A team from the Hematology and Bone Marrow Transplantation Unit of the San Raffaele Scientific Institute in Milano, Italy analyzed a group of allogeneic stem cell transplant (allo-SCT) patients with HHV-6 reactivation and found that poor immune reconstitution in these individuals correlated with significantly lower survival.
In the HHV-6 positive group, those with CD3+ lymphocyte levels equal to or greater than 200 cells per microliter had an overall survival at one year of 63% compared to 11% in those with CD3+ levels under 200 cells per microliter. The findings indicate that immune reconstitution plays a significant role in outcomes for transplant patients battling an HHV-6 infection.
For 54 adult patients with HHV-6 reactivation, overall survival at 1 year was only 38%, significantly lower than the survival rate of those who did not experience HHV-6 infections.
HHV-6 is able to induce CD4 and CD8 depletion, or lymphopenia, and extended lymphopenia has been observed by others (Sultanova 2013, Comar 2005). Comar et al. proposed that the depletion of CD3+ T cells in a SCT patient could be suggestive of infection involving the progenitor cells of the donor T lineage and possibly impaired viral clearance. Additionally, using the drug alemtuzumab for T-cell depletion has been shown to increase the risk of HHV-6 encephalitis after allo-SCT (Vu 2007, Schmidt-Hieber 2011). Similarly, use of the anti-CD3 antibody BC3 has increased the rates of HHV-6 reactivation and encephalitis in bone marrow transplant patients (Zerr 2001).

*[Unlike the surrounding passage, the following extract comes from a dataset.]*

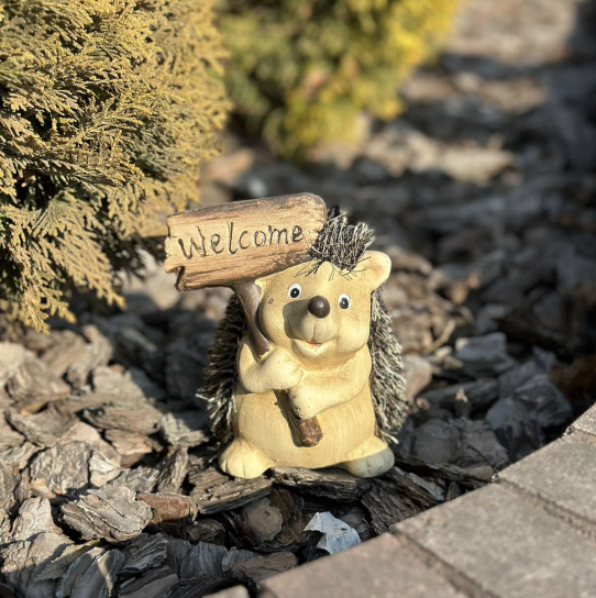 Садова скульптура Їжачок з табличкою "Welcome" полістоун

In this cohort, the investigators also identified acute graft versus host disease (GvHD) grade III-IV and disease status at transplant as factors that negatively affected overall survival. The correlation between the presence of HHV-6 in CSF and the development of encephalitis was also confirmed; CSF was obtained from 7 of 10 patients with HHV-6 encephalitis, and it tested positive in all 7 cases. The authors note that overall survival in the cohort was not significantly influenced by steroid administration, time after allo-SCT, type of antiviral prophylaxis, plasma viral load, or organ involvement.
All but 5 patients received acyclovir as viral prophylaxis, and 37 patients received antiviral therapy, mainly consisting of i.v. foscarnet. Although the antiviral treatment (foscarnet and ganciclovir, alone and or in combination) appeared to be effective in our study, and resulted in a significant decrease in plasma viral load, it did not prevent subsequent death in a large proportion of patients. The monitoring of CD3+ cell counts in allo-SCT recipients may allow for more timely treatment for the prevention of HHV-6-associated damage.